Let’s start with preprocessing the training data. The hard part will be to generate labels for the question’s answer, which will be the start and end positions of the tokens corresponding to the answer inside the context.

One specific thing for the preprocessing in question answering is how to deal with very long documents. It is usual to truncate them in other tasks, when they are longer than the model maximum sentence length, but here, removing part of the the context might result in losing the answer we are looking for. To deal with this, we will allow one (long) example in __SQuAD__ dataset to give several input features, each of length shorter than the maximum length of the model. Also, just in case the answer lies at the point we split a long context, we allow some overlap between the features we generate controlled by the hyper-parameter `doc_stride`.

It is important to know that we never want to truncate the question, only the context, else the `only_second` truncation picked. Now, the tokenizer can automatically return us a list of features capped by a certain maximum length, with the specific overlap. This information is stored in `overflow_to_sample_mapping`.

Now we need to find in which of those features the answer actually is, and where exactly in that feature. The models we will use require the start and end positions of these answers in the tokens, so we will also need to to map parts of the original context to some tokens. The tokenizer returning an `offset_mapping` that gives, for each index of our input IDS, the corresponding start and end character in the original text that gave our token. So we can use this mapping to find the position of the start and end tokens of our answer in a given feature. We just have to distinguish which parts of the offsets correspond to the question and which part correspond to the context.

For that reason we use the `sequence_ids` method that returns `None` for the special tokens, then 0 or 1 depending on whether the corresponding token comes from the first sentence past (the question) or the second (the context). 

Now with all of this, we can find the first and last token of the answer in one of our input feature or if the answer is not in this feature.

In [12]:
def prepare_train_features(examples, max_length=384, doc_stride=128):
    # Some of the questions have lots of whitespace on the left, which is not useful and will make the truncation of the context fail (the tokenized question will take a lots of space). So we remove that left whitespace
    examples["question"] = [q.lstrip() for q in examples["question"]]

    # Tokenize our examples with truncation and padding, but keep the overflows using a stride. This results in one example possible giving several features when a context is long, each of those features having a context that overlaps a bit the context of the previous feature.
    tokenized_examples = tokenizer(
        examples["question"],
        examples["context"],
        truncation="only_second",
        max_length=max_length,
        stride=doc_stride,
        return_overflowing_tokens=True,
        return_offsets_mapping=True,
        padding="max_length",
    )

    # Since one example might give us several features if it has a long context, we need a map from a feature to its corresponding example. This key gives us just that.
    sample_mapping = tokenized_examples.pop("overflow_to_sample_mapping")
    # The offset mappings will give us a map from token to character position in the original context. This will help us compute the start_positions and end_positions.
    offset_mapping = tokenized_examples.pop("offset_mapping")

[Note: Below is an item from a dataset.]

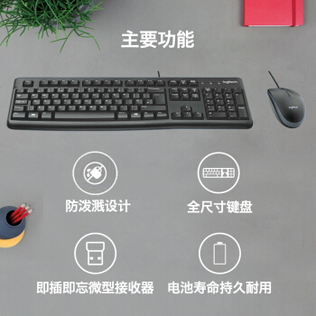 罗技(Logitech)MK120 键鼠套装 有线键鼠套装 办公键鼠套装 电脑键盘 笔记本键盘 联想全尺寸 黑色

    # Let's label those examples!
    tokenized_examples["start_positions"] = []
    tokenized_examples["end_positions"] = []

    for i, offsets in enumerate(offset_mapping):
        # We will label impossible answers with the index of the CLS token.
        input_ids = tokenized_examples["input_ids"][i]
        cls_index = input_ids.index(tokenizer.cls_token_id)

        # Grab the sequence corresponding to that example (to know what is the context and what is the question).
        sequence_ids = tokenized_examples.sequence_ids(i)

        # One example can give several spans, this is the index of the example containing this span of text.
        sample_index = sample_mapping[i]
        answers = examples["answers"][sample_index]
        # If no answers are given, set the cls_index as answer.
        if len(answers["answer_start"]) == 0:
            tokenized_examples["start_positions"].append(cls_index)
            tokenized_examples["end_positions"].append(cls_index)
        else:
            # Start/end character index of the answer in the text.
            start_char = answers["answer_start"][0]
            end_char = start_char + len(answers["text"][0])

            # Start token index of the current span in the text.
            token_start_index = 0
            while sequence_ids[token_start_index] != 1:
                token_start_index += 1

            # End token index of the current span in the text.
            token_end_index = len(input_ids) - 1
            while sequence_ids[token_end_index] != 1:
                token_end_index -= 1

            # Detect if the answer is out of the span (in which case this feature is labeled with the CLS index).
            if not (offsets[token_start_index][0] <= start_char and offsets[token_end_index][1] >= end_char):
                tokenized_examples["start_positions"].append(cls_index)
                tokenized_examples["end_positions"].append(cls_index)
            else:
                # Otherwise move the token_start_index and token_end_index to the two ends of the answer.
                while token_start_index < len(offsets) and offsets[token_start_index][0] <= start_char:
                    token_start_index += 1
                tokenized_examples["start_positions"].append(token_start_index - 1)
                while offsets[token_end_index][1] >= end_char:
                    token_end_index -= 1
                tokenized_examples["end_positions"].append(token_end_index + 1)

    return tokenized_examples

Preprocessing the validation data will be slightly easier as we don’t need to generate labels because we don't want to compute a validation loss. This because the loss don’t really help to understand how good the model is. The real joy will be to interpret the predictions of the model into spans of the original context. For this, we will just need to store both the offset mappings and some way to match each created feature to the original example it comes from. Since there is an ID column in the original dataset, we’ll use that ID.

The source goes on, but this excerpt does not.